JAKARTA, HarianBernas.com – Majelis Hakim Pengadilan Tipikor Jakarta, menjatuhkan hukuman lebih berat terhadap Abdul Khoir, penyuap empat Anggota Komisi V DPR RI, terkait rencana proyek pembangunan jalan di Maluku dan Maluku Utara.
Dalam amar putusannya, Dirut PT. Windu Tunggal Utama tersebut, di vonis 4 tahun penjara, denda Rp 200 juta subsidair 5 bulan kurungan.
“Menyatakan terdakwa terbukti secara sah dan meyakinkan melakukan tindak pidana korupsi secara bersama-sama dan berulang sesuai dakwaan primer,” ujar Ketua Majelis Hakim Mien Trisnawati, saat membacakan putusan di PN Tipikor, Jakarta, Kamis (9/6/16).
Putusan tersebut lebih tinggi dari tuntutan JPU KPK sebelumnya, yang meminta agar Abdul Khoir divonis 2,5 tahun penjara, denda Rp 200 juta, subsidair 6 bulan kurungan.

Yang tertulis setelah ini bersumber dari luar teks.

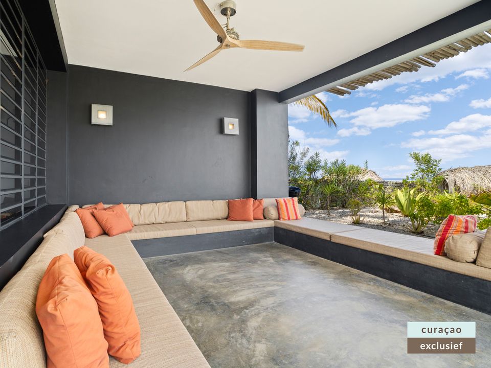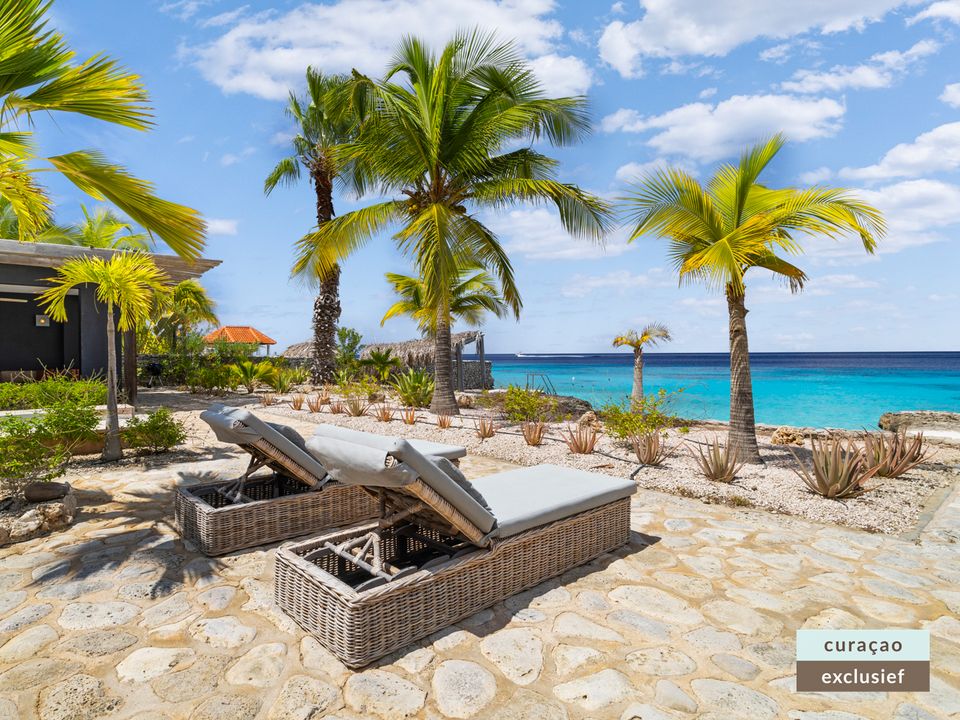 Buiten zet de relaxte sfeer van Bonaire zich voort op het heerlijke terras dat direct aan de zee gelegen is. Op het terras is een heerlijk zwembad met loungebedden en stoelen. Ook zijn er hangmatten en palapa’s voor wat schaduw.

Selain menjatuhkan vonis yang lebih tinggi, hakim juga menolak status justice collaborator (pelaku yang bekerjasama dengan penyidik membongkar perkara), yang diajukan Abdul Khoir, dan disetujui pimpinan KPK.
Atas putusan tersebut, Abdul Khoir belum berencana mengajukan banding. “Saya akan pikir-pikir dulu Yang Mulia,” katanya singkat.
Dalam kasus ini, sebelumnya JPU KPK menuntut Abdul Khoir, dengan hukuman 2 tahun 6 bulan, dan denda Rp 200 juta subsidair 5 bulan kurungan.
Jaksa meyakini, Dirut PT. Windu Tunggal Utama tersebut terbukti menyuap sejumlah Anggota DPR Komisi V DPR Diantaranya Damayanti Wisnu Putranti (PDI-P) sebesar 328 ribu dollar Singapura, dan 72.727 dollar AS, Budi Supriyanto(Golkar) sebesar 404 ribu dollar Singapura, Andi Taufan Tiro ( PAN) sebesar Rp 2,2 miliar, dan 462.789 dollar Singapura,serta Musa Zaenuddi (PKB) sebesar Rp 4,8 miliar dan 328.377 dollar Singapura.
Selain menyuap kepada sejumlah anggota DPR, Abdul Khoir juga dinilai terbukti menyuap Kepala BPJN IX Maluku, Amran H Mustary sebesar Rp 16,5 miliar dan 223.270 dollar Singapura, serta sebuah handphone seharga Rp 11,5 juta.
Atas perbuatannya, jaksa menilai Abdul Khoir, terbukti melanggar Pasal 5 ayat1 UU No.31 Tahun 1999 sebagaimana diubah dengan UU No.20 Tahun 2001 tentang Pemberantasan Korupsi, Jo, Pasal 55 ayat 1 ke-1, Jo Pasal 65 ayat 1 KUHPidana.